Les enfants et les sorcières. Un souvenir de Mona Chollet, « Restée dans ma mémoire comme un talisman, une ombre bienveillante, Floppy m’avait laissé le souvenir de ce que pouvait être une femmes d’envergure ». Pour ma part, j’ai été fasciné par le personnage de Rebecca incarnée par Elisabeth Taylor accusée de sorcellerie dans Ivanhoé. Quoiqu’il en soit, des sorcières représentées souvent de manière bien inquiétantes mais pour certain·es un « plus d’excitation que de répulsion ».

Le mot sorcière, « Il renvoie à un savoir au ras du sol, à une force vitale, à une expérience accumulée que le savoir officiel méprise ou réprime », mais aussi à des marques d’infamie, de constructions mensongères, d’accusations extravagantes, qui ont valu « la torture et la mort à des dizaines de milliers de femmes ».

La diabolisation des femmes qualifiées de sorcières eut beaucoup en commun avec l’anti-judaïsme (terme qui me paraît plus approprié qu’antisémitisme pour l’époque évoquée).
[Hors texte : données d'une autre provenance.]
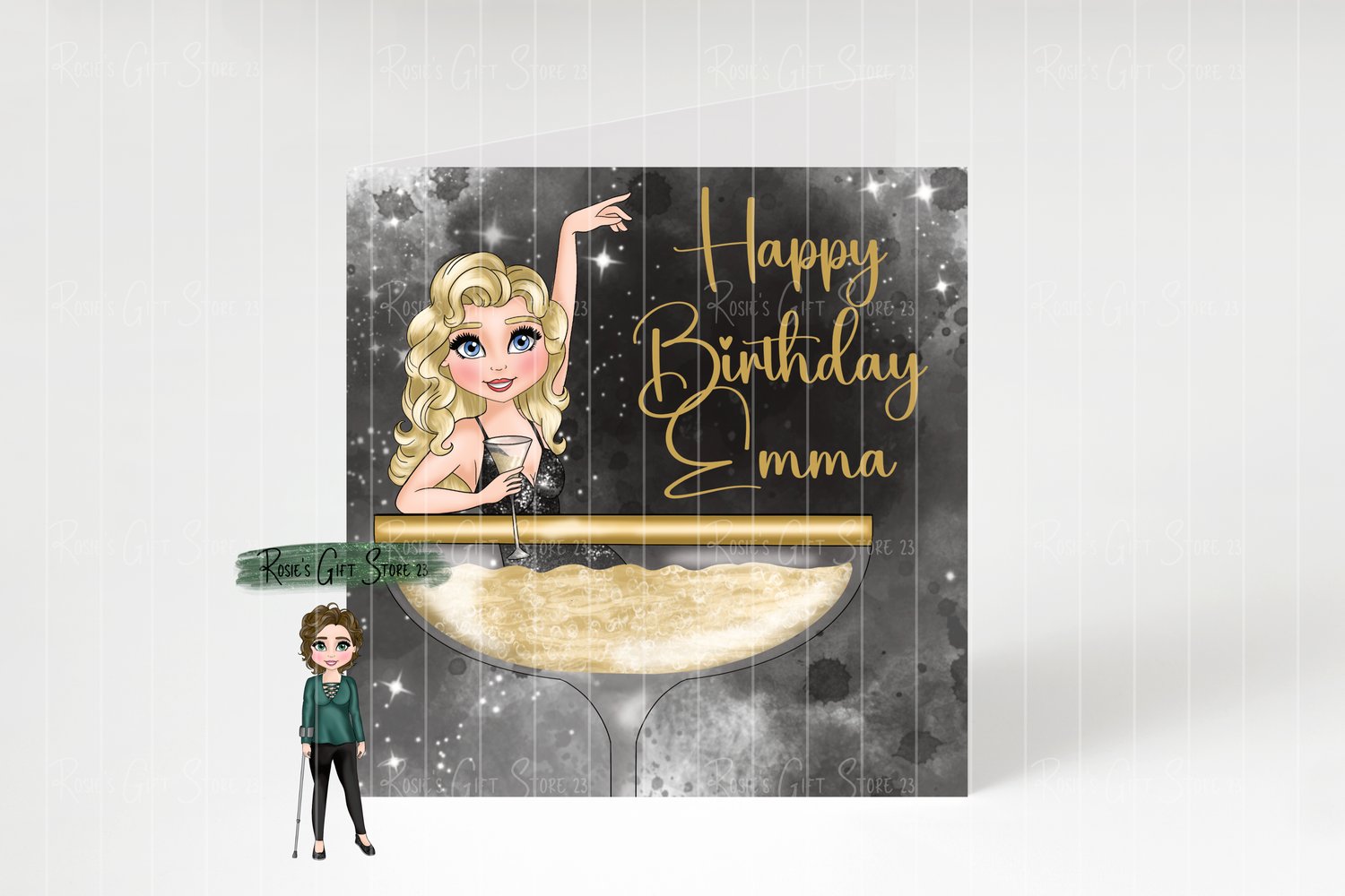Personalised black and gold martini girl birthday card
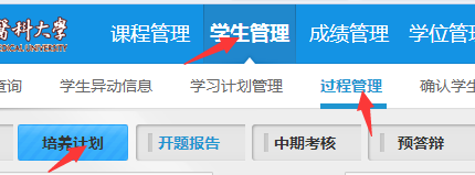 导师登录系统后,进入学生管理——过程管理——培养计划,可查询学生填写的培养方案并进行审核,导师也可驳回学生的培养计划,经学生修改后再次提交审核。导师审核通过后方可进入51视频 审核阶段。

L’exemple de Rebecca, déjà cité en est une illustration. L’autrice nous rappelle, contre les responsabilités assignées à « la populace grossière » que c’est bien « venue d’en haut, des classes cultivées » que la haine et la répression se déchaine. Il fallait éliminer les têtes féminines qui dépassaient, s’approprier les savoirs des guérisseuses, ces magiciennes aux pouvoirs incompréhensibles… sans oublier l’obsession des chasseurs de sorcières pour la sexualité féminine (quelque soit le nom utilisé à l’époque). Haine et obscurantisme qu’il ne faut pas simplement situer dans les siècles reculés. Car c’est bien de la place des femmes dans les espaces sociaux qu’il s’agissait hier, qu’il s’agit aujourd’hui… et d’égalité dans les savoirs et les capacités d’être et de faire…

Dans son introduction, « Les héritières », l’autrice revient aussi sur les utilisations contemporaines, « Nous sommes les petites-filles des sorcières que vous n’avez pas réussi à bruler », « Tremblez, tremblez, les sorcières sont revenues ! », la revue « Sorcières », la très belle chanson d’Anne Sylvestre, Strahawk, les groupes « WITCH »…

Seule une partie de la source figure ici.